When I trade "on the open", I've noticed that the opening price I get is often substantially off from the day's open as reported by most sources, such as yahoo finance. It seems the reason for this is that a stock's commonly reported open is drawn from the first trade after 9:30, often on some smaller exchange like Bats, while the larger exchange that sets the actual price that I get, such as the NYSE, has yet to actually open. In similar fashion this leads to potentially misleading daily high and lows as the trade prices before the main exchange has opened are quite volatile. Does anyone know where I could find open/high/low data that does not include trades from before the main exchange opens? Also, what is the proper term for what I referred to above as the "main exchange"?
Each stock is listed on a primary exchange. Route your orders to the primary exchange and get the open or close from those exchanges. These should help: http://www.nasdaq.com/screening/company-list.aspx https://www.nyse.com/listings_directory/stock
I see, thanks for the terminology. I have some opening price data for the primary exchanges and used it to check whether nasdaq.com and nyse.com were reporting their primary market opens or consolidated opens and unfortunately it seems as though they are reporting consolidated data. For example, on 2013-02-22 ticker "B" opened on NYSE at 25.56, but has a consolidated open price that's reported as 29.11 at all of my usual data sources. Similarly, on 2011-01-26 "USAP" opened on the Nasdaq at 28.68, but has a consolidated open price of 25.43. If someone knows of a data source with 25.56 and 28.68 as the open prices, I'd be very grateful.

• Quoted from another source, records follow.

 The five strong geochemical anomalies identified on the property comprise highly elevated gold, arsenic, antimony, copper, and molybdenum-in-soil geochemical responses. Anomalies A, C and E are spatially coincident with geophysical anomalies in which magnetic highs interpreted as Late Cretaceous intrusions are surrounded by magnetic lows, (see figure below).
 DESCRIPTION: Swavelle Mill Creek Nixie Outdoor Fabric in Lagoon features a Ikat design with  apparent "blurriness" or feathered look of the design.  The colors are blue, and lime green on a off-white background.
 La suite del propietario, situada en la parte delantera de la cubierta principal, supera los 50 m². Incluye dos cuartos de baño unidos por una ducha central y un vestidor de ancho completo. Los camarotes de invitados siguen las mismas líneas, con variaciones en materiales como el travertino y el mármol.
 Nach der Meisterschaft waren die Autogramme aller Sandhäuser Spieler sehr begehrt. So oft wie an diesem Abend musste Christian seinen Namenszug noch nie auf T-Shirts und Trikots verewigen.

http://www.nasdaqtrader.com/content/productsservices/trading/crosses/openclose_faqs.pdf This may help define whats going on. But also looking at USAP, it had a 90 day MA Volume of 30 000ish and a daily volume of 50 000ish. When liquidity isn't there anything is possible. The exchanges report the opening cross it appears from what I understand. Just curious as to why you'd be searching for those openings. I think it'd be hard to base any system off some weird lot that was traded on the non-primary exchange. I'd be curious if anyone has some large databases of tick data as with IQFeed I only have access to 120 days back and store it going forward. I could be way off here, and someone with some good market micro structure knowledge could chime in.

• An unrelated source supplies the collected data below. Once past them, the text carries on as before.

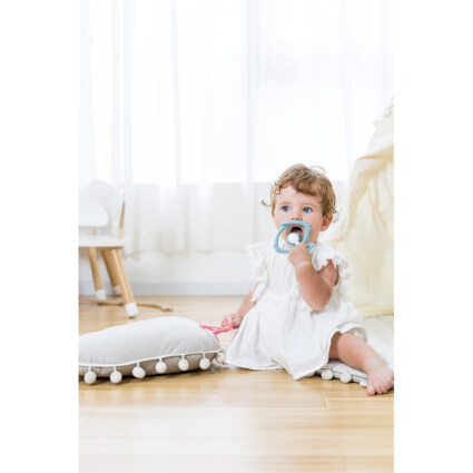 Mombella biteleken består av 100 % matsikker silikon – fri for BPA, PVC og ftalater. Den stimulerer sanser og finmotorikk, og du kan koke, vaske eller fryse den for ekstra lindring under tannfrembrudd.
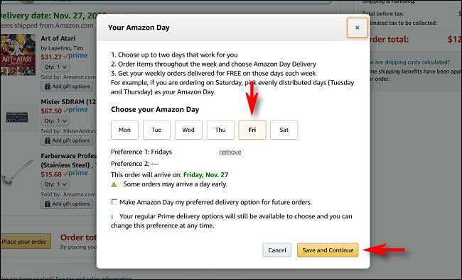 Er verschijnt een pop-up waarin u maximaal twee dagen kunt kiezen die u verkiest voor levering. Amazon zal zijn best doen om uw bestellingen aan u te krijgen op de dag (en) die u kiest. Wanneer u klaar bent, klikt u op of tikt u op "Opslaan en Doorgaan".
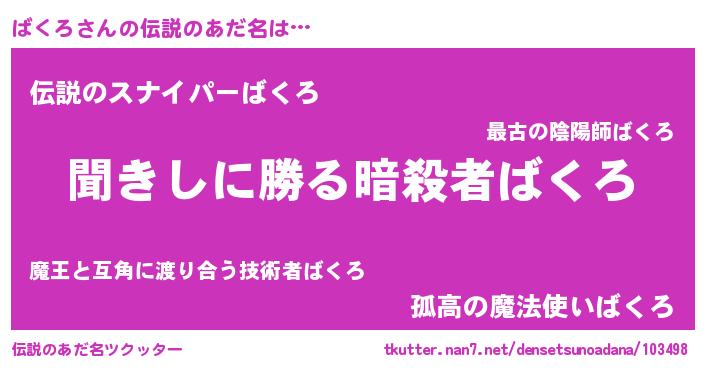 | ヒーロー風カッコイイあだ名 | 『超時空戦士バクロ』『ネオバクロ』 |
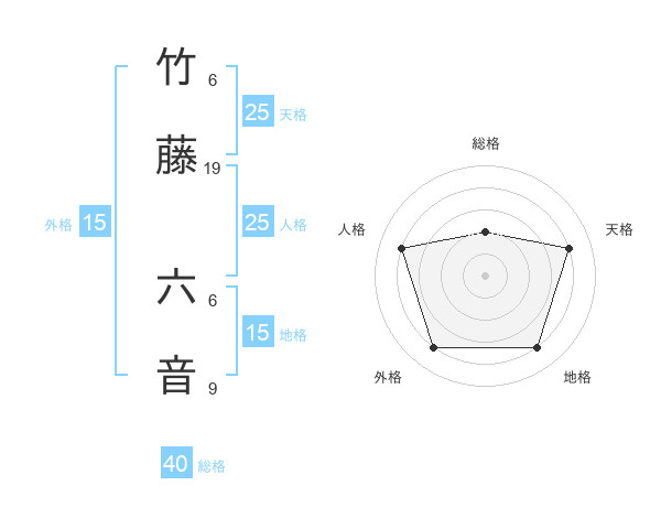 竹藤 六音さんの総格は40画の2点!
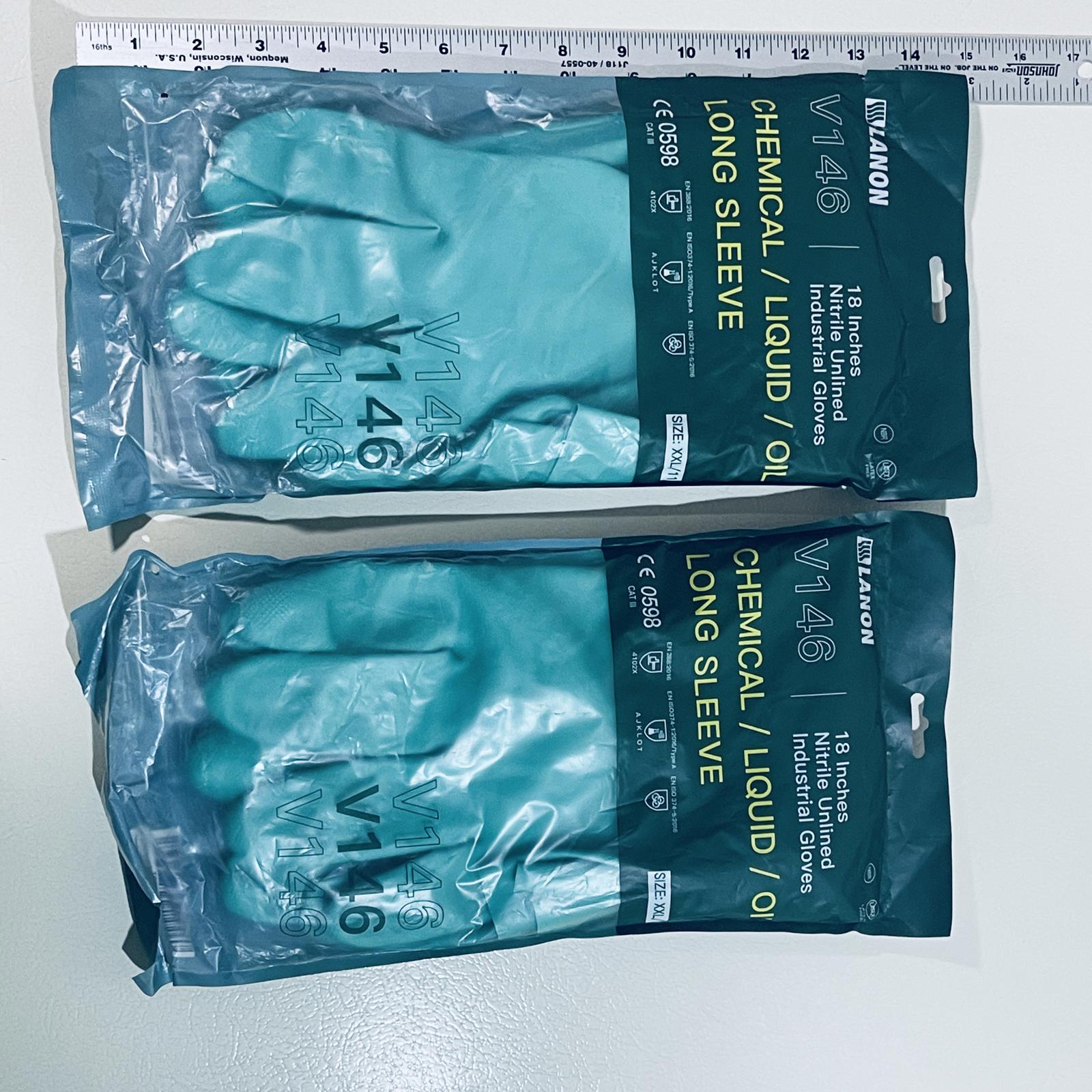 2-pack LANON V146 18" Nitrile Gloves, Chemical Resistant, Long Sleeve, XXL

Exactly, except I'm actually trying to avoid trading based on a weird lot from a non-primary exchange. The problem with many of the opening prices that you might get on common data sources such as yahoo finance for example is that often the opening price and sometimes the high and low as well are based on trades on non-primary exchanges before the primary has opened, and often when the primary does open it will open at a very different price that completely shifts where the stock is trading. So I'm trying to find a data source that avoids this problem by only getting the open price from the primary exchange, but most public sources I find don't do this. The USAP example I gave is not a great one. I gave it because I only have limited data to pull the example from and most of it is for NYSE stocks, not Nasdaq. If your IQFeed data's daily open consistently matches Yahoo finance for NYSE stocks then I'd guess it's getting a consolidated price and not taking the open from the primary exchange.

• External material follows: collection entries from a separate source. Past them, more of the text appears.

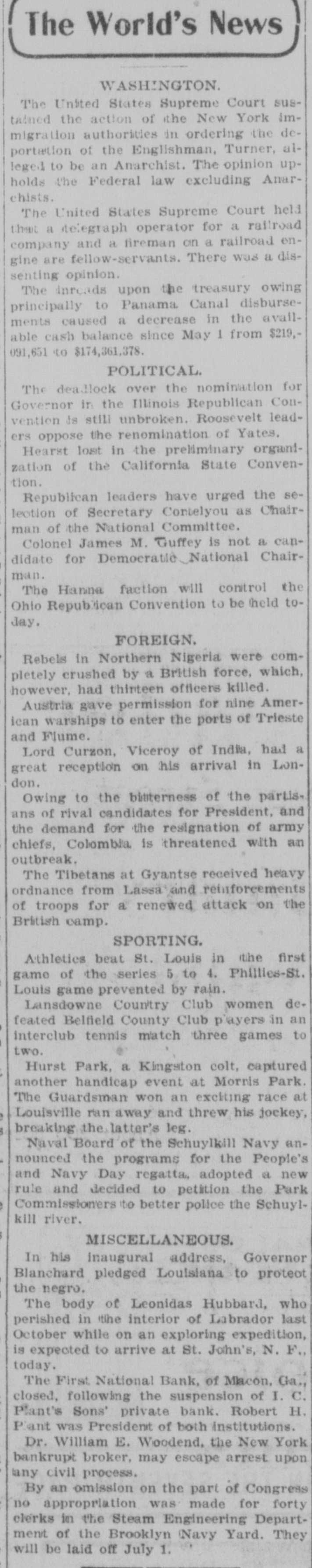 The World's News WASHINGTON. The United States Supreme Court sustained the action of the New York immigration authorities in ordering the deportation of the Englishman, Turner, alleged to be an Anarchist. The opinion upholds the Federal law excluding Anarchists. The United States Supreme Court held that a telegraph operator for a railroad company and a fireman on a railroad engine are fellow-servants. There was a dissenting opinion. The inreads upon the treasury owing principally to Panama Canal disbursements caused a decrease in the available cash balance since May 1 from $219,091,651 to $174,361,378. POLITICAL. The deadlock over the nomination for Governor in the Illinois Republican Convention is still unbroken. Roosevelt leaders oppose the renomination of Yates. Hearst lost in the preliminary organization of the California State Convention. Republican leaders have urged the selection of Secretary Contelyou as Chairman of the National Committee. Colonel James M. Guffey is not a candidate for Democratic National Chairman. The Hanna faction will control the Ohio Republican Convention to be held toJay. FOREIGN. Rebels in Northern Nigeria were completely crushed by a British force, which, however, had thirteen officers killed. Austria gave permission for nine American warships to enter the ports of Trieste and Flume. Lord Curzon, Viceroy of India, had a great reception on his arrival in London. Owing to the bitterness of the partisans of rival candidates for President, and the demand for the resignation of army chiefs, Colombia is threatened with an outbreak. The Tibetans at Gyantse received heavy ordnance from Lassa and reinforcements of troops for a renewed attack on the British camp. SPORTING. Athletics beat St. Louis in the first game of the series 5 to 4. Phillies-St. Louis game prevented by rain. Lansdowne Country Club women defeated Belfield County Club players in an interclub tennis match three games to two. Hurst Park, a Kingston colt, captured another handicap event at Morris Park. The Guardsman won an exciting race at Louisville ran away and threw his jockey, breaking the latter's leg. Naval Board of the Schuylkill Navy announced the programs for the People's and Navy Day regatta, adopted a new rule and decided to petition the Park Commissioners to better police the Schuylkill river. MISCELLANEOUS. In his inaugural address, Governor Blanchard pledged Louisiana to protect the negro. The body of Leonidas Hubbard, who perished in the interior of Labrador last October while on an exploring expedition, is expected to arrive at St. John's, N. F., today. The First National Bank, of Macon, Cha., closed, following the suspension of I. C. Plant's Sons' private bank. Robert H. Plant was President of both Institutions. Dr. William E. Woodend, the New York bankrupt broker, may escape arrest upon any civil process. By an omission on the part of Congress no appropriation was made for forty clerks in the Steam Engineering Department of the Brooklyn Navy Yard. They will be laid off July 1.
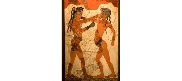 И он идет среди ириса, среди цветов. Они все время среди цветов. И он кого-то ведет за собой, и мы знаем, что он, конечно, ведет за собой быка. А на этой фреске детки с азартом боксируют.
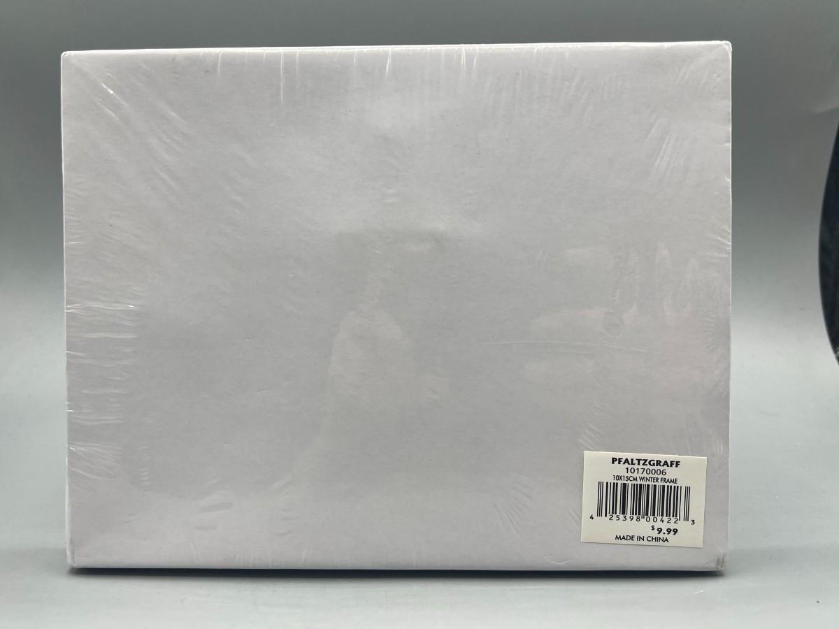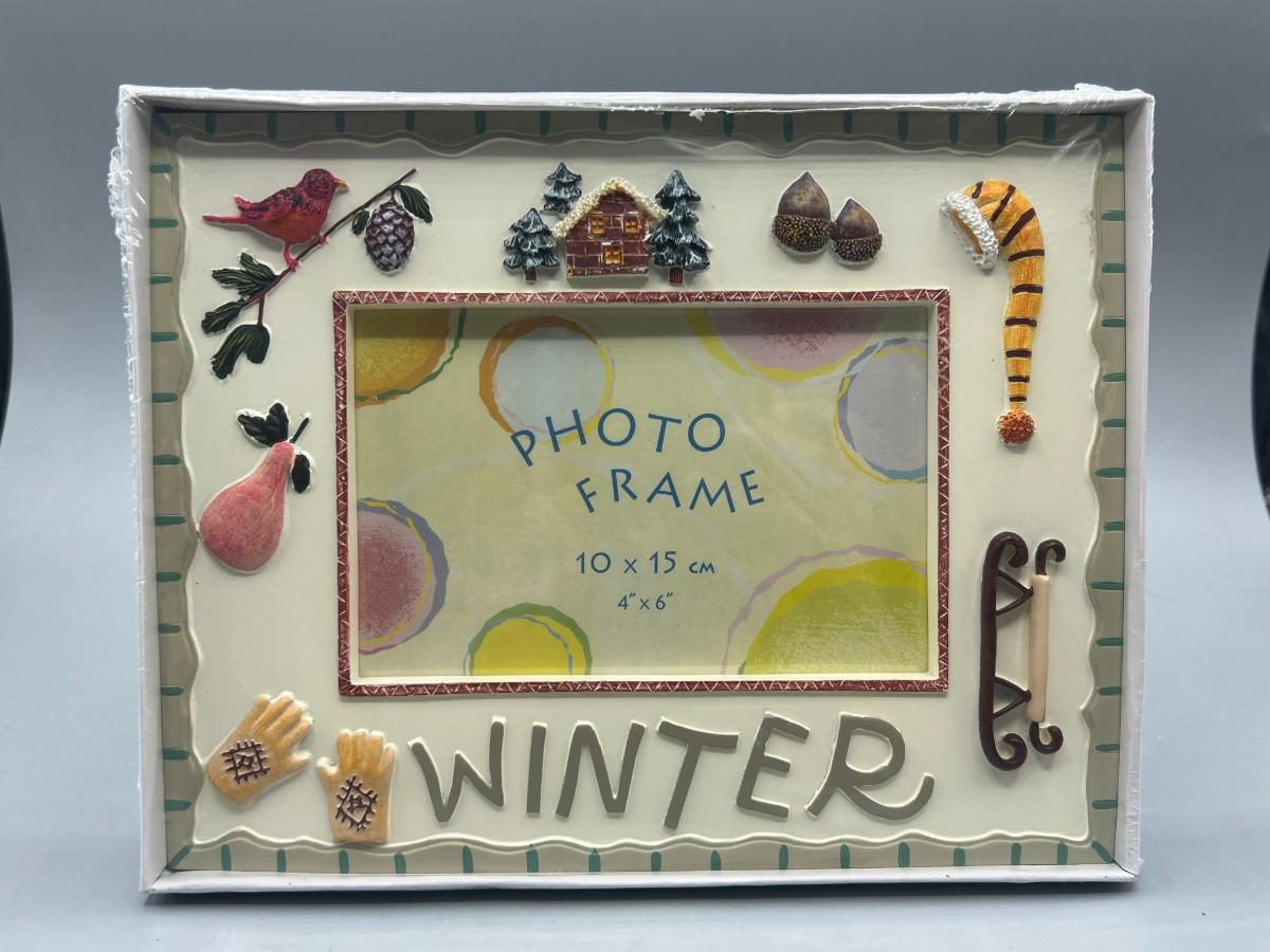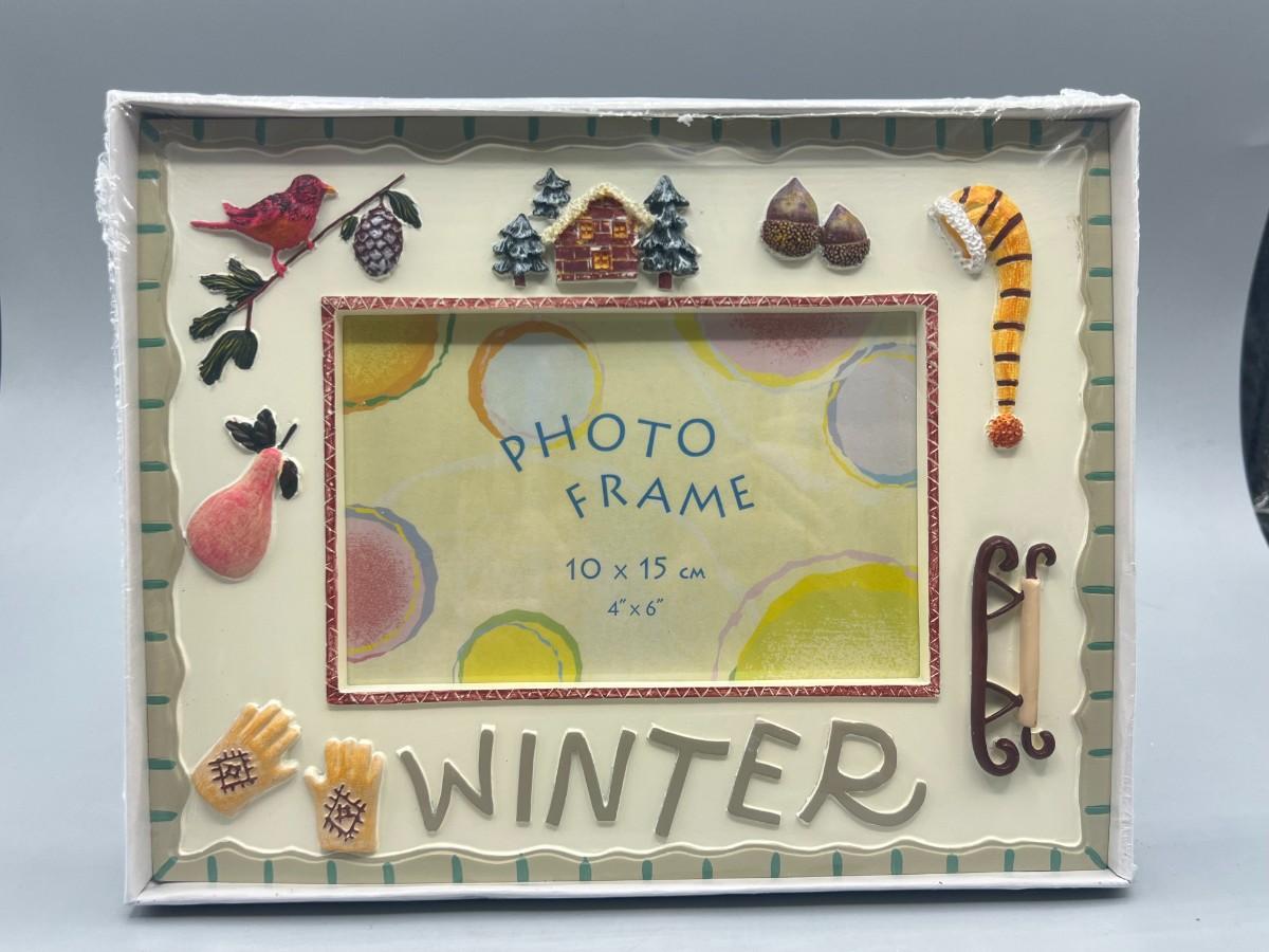 Pfaltzgraff Ceramic Winter Themed Novelty Photo Picture Frame. 4x6 photo holder. Good condition.

Knowing the correct terminology now, I was able to find the same question previously posted on ET and am posting here the link here for anyone else it may eventually help: http://www.elitetrader.com/et/index.php?threads/nyse-auction-data.281048/ Long story short, seems there is no good free source for such data except maybe Interactive Brokers.
I specialize in the open in Futures and stocks... futures are much easier to pin to exact open because they have a premarket and are traded on one location. For my US stocks for example I just use the NYSE feed... the bid/ask starts off wide once the Market makers have marked the stock for the opening... but after around 25-30 seconds it all becomes more reasonable. DO NOT enter stocks at the open with a market order.. use limit only for the first 30 seconds or so. I use IB.... not great for tape readers but more than adequate for my needs. Regards and good trading
If you can provide some examples within the past couple months, I'd like to check this against my level II data.
Unfortunately the most recent primary market open data I have is 2014, thus my search for a data source.